Тровати, или Амброджо Тровати, по прозвищу Закат, не больше тридцати. Он маленький, проворный, крепкого телосложения. Свое прозвище носит с гордостью, хотя и уточняет, что Закат — не прозвище, а псевдоним. Надо сказать, ему очень подходит называться Закатом: он всегда сумрачен, всегда погружен в свою мучительную душевную борьбу. Вся его жизнь прошла между театром и тюрьмой. Последнее заключение в Германии, похоже, доконало его окончательно, и в его помутившемся сознании смешались границы между двумя этими институтами.

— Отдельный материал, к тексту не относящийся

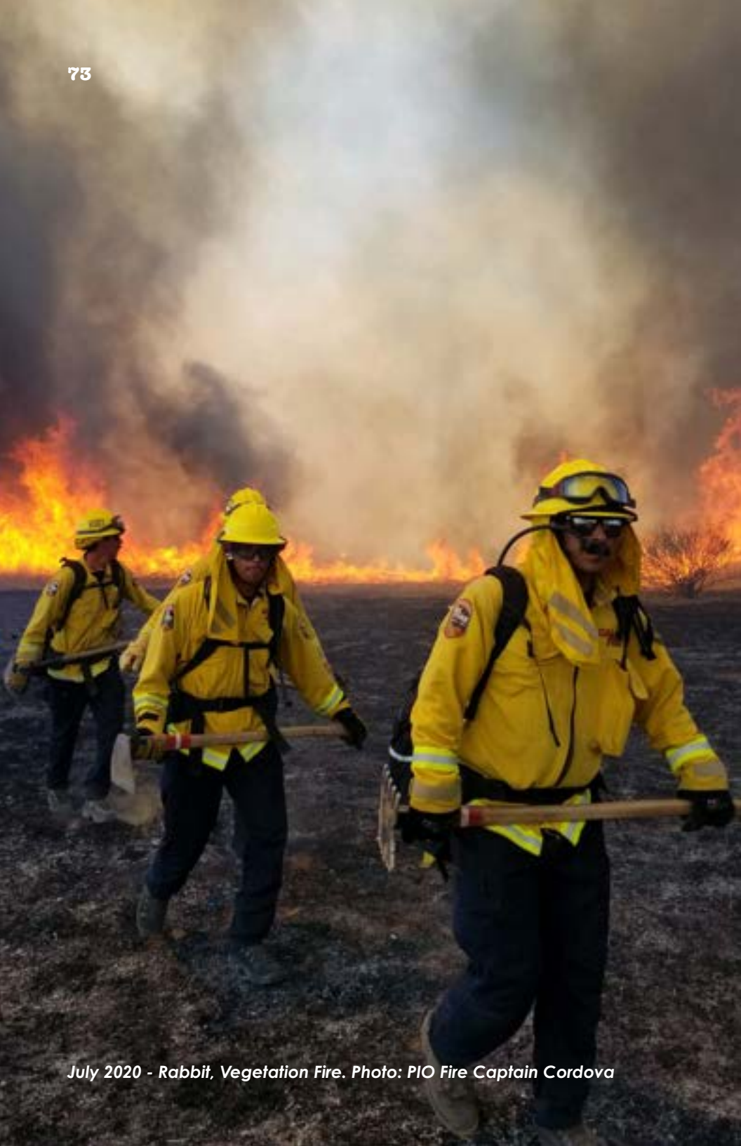
July 2020 - Rabbit, Vegetation Fire.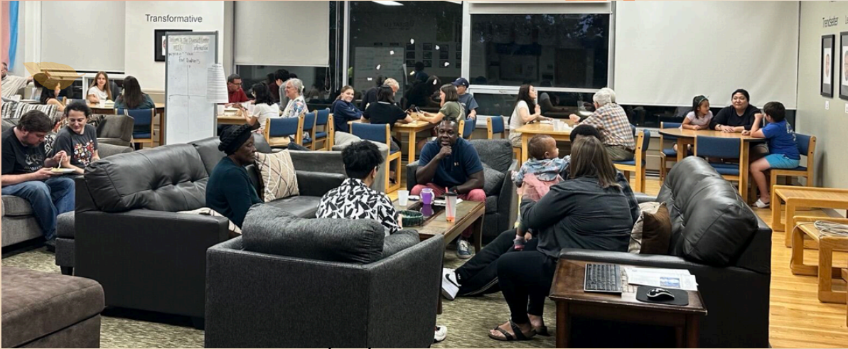
Photo of Welcome Dinner 9/28/2024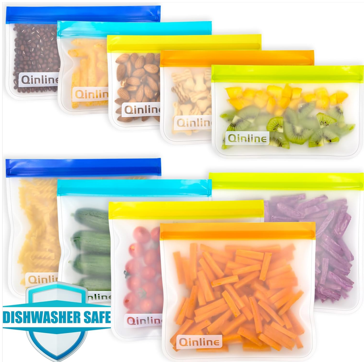
Image: A collection of Qinline reusable food storage bags, showcasing different sizes and vibrant colored seals, filled with various food items such as beans, pasta, nuts, and chopped fruits, highlighting their versatility.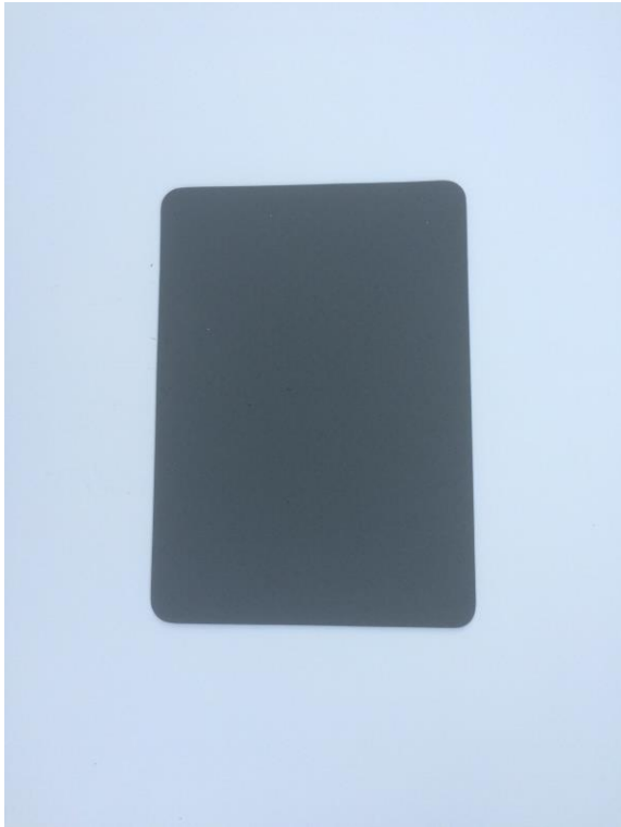
PI. 5 Dark Grey roof membrane finish to all roofs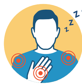
MUSCLE PAIN AND FATIGUE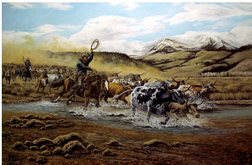
Longhorn Stampede , oil, 24 x 36"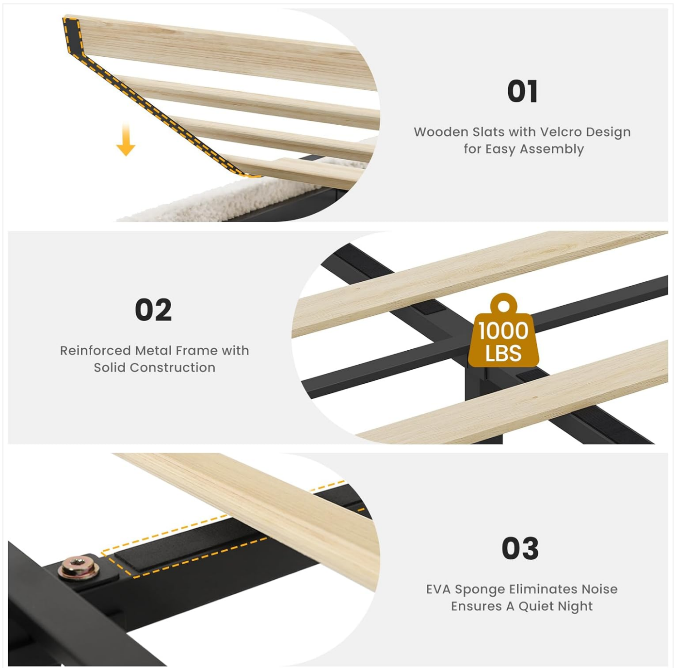
Image: Illustration of wooden slats with Velcro for easy assembly, reinforced metal frame for stability, and EVA sponge for noise elimination.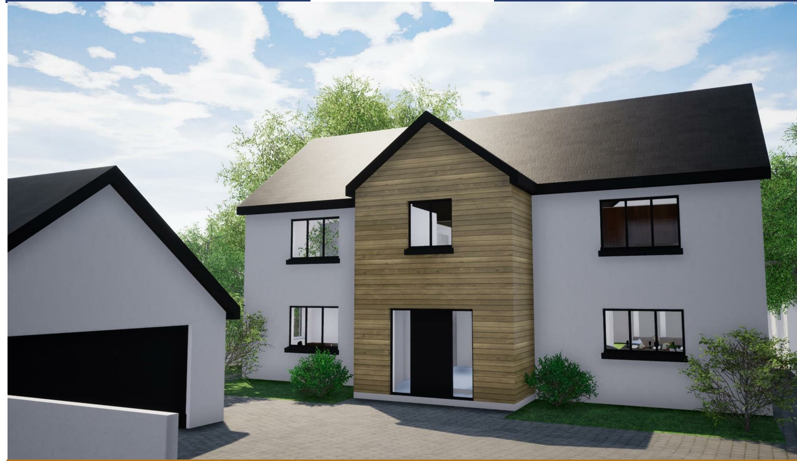
The Hook, Plot 9 Summerhill, New Road, Freystrop, Haverfordwest, Pembrokeshire, SA62 4LQ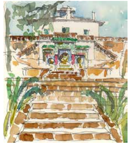
View into a courtyard in Meknès (left), agrand villa in Tanger, and Sunset over Meknès (below)

Today, Thanksgiving in the US, we will journey south of Tanger to the Atlantic coast, where we will immerse ourselves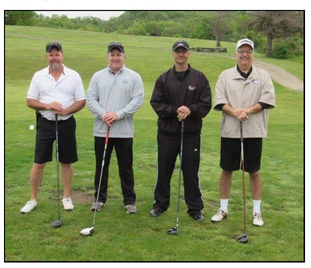
First Place: Team Mark IV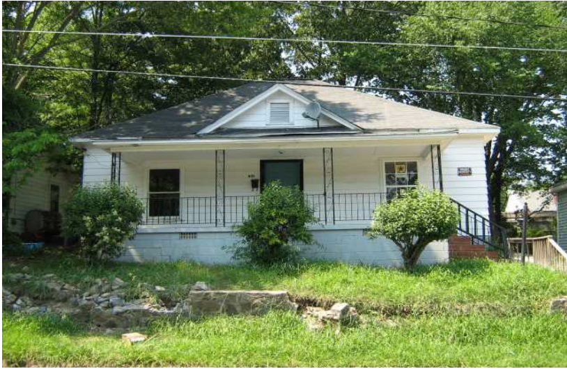
Good condition for the price. MAKE AN OFFER!!!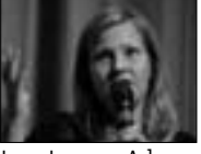
Joey Lauren Adams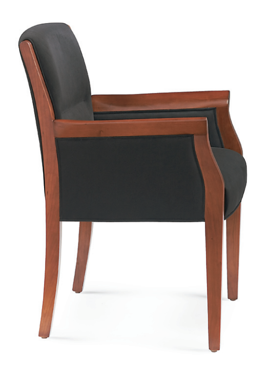
823 W 22½ H 34 D 24 AH 25 SH 19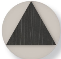
California Restroom C | Unisex 12"x12"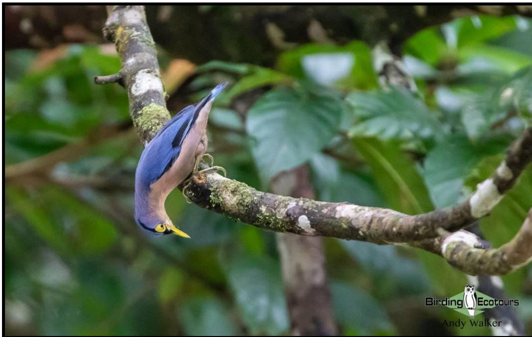
The attractive Sulphur-billed Nuthatch is a common species.

The remnant forest patches in the area can be good for mixed-species feeding flocks which may contain Yellow-bellied Whistler , Black-and-cinnamon Fantail , Negros Leaf Warbler , Sulphur-billed Nuthatch , Turquoise Flycatcher , and the rather odd Cinnamon Ibon – an aberrant sparrow found in Mindanao’s montane forests, previously thought to be a white-eye!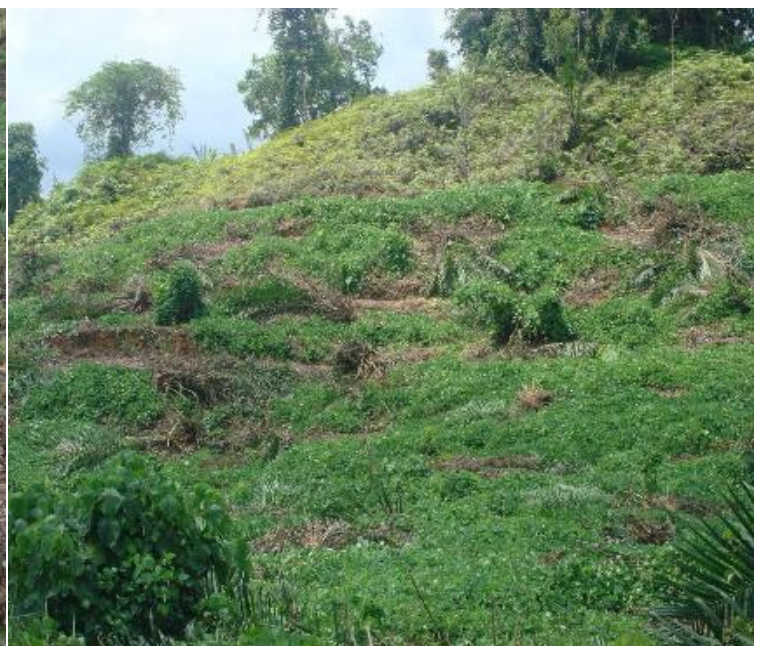
(Left and right) Illegal oil palm trees being destroyed inside Timimbang FR (Part B)

Реальное, возможное и невероятное прочно сплелось в его мозгу в один клубок, о тюрьме и суде он говорит, как о театре, где каждый выступает не в своей, а в чужой роли, перевоплощаясь в определенного персонажа и раскрывая его характер в меру своих способностей; театр же, наоборот, обретает зловещие черты, превращается в мрачный символ, в смертоносный инструмент, который использует некая тайная всесильная организация, чтобы творить зло, вредить всем и каждому, проникать в любой дом, хватать людей, напяливать на них маски, заставлять их против воли быть совсем не теми, кто они на самом деле есть. Эта тайная организация — Система. С ней, своим главным врагом, Закат постоянно ведет неравную борьбу и, потерпев очередное поражение, героически снова бросается в бой.

Но не он, а Система первой объявила войну, бросила ему вызов. Он жил себе беззаботно и счастливо, держал парикмахерскую, брил и стриг, но к нему пришли двое. Эти двое были посланцами дьявола, они искушали его, предлагая продать парикмахерскую и посвятить свою жизнь искусству. Они хорошо знали его слабости и играли на них: расхваливали его телосложение, голос, выразительную мимику лица. Ему удалось устоять при их первом и втором визите, а на третий раз он сдался и отправился в Милан по названному ими адресу. Но адрес оказался липовым, все двери, в которые он стучался, закрывались перед ним, и он понял, что вокруг него плетется заговор. Те двое тайно следовали за ним по пятам с кинокамерой, сделав из него актера поневоле. Они подслушали его слова, подсмотрели его жесты; они украли его образ, его тень, его душу. Это они окрестили его Закатом, они виноваты, что его звезда закатилась.

Он полностью в их власти, для него все кончено: парикмахерская продана, ни контрактов, ни денег, приходится перебиваться случайными ролями, иногда подворовывать, чтобы хоть как-то существовать. Заканчивается эта великая драма кроваво: он встречает на улице одного из своих искусителей и вонзает в него нож. Его обвиняют в «предумышечном» убийстве и привлекают за это преступление к суду. От адвоката он отказывается, потому что ясно: весь мир против него, все люди до единого. Он сам себя защищает, причем настолько умело и красноречиво излагает свои доводы, что суд оправдывает его и, стоя, приветствует громкими овациями. Зал рыдает.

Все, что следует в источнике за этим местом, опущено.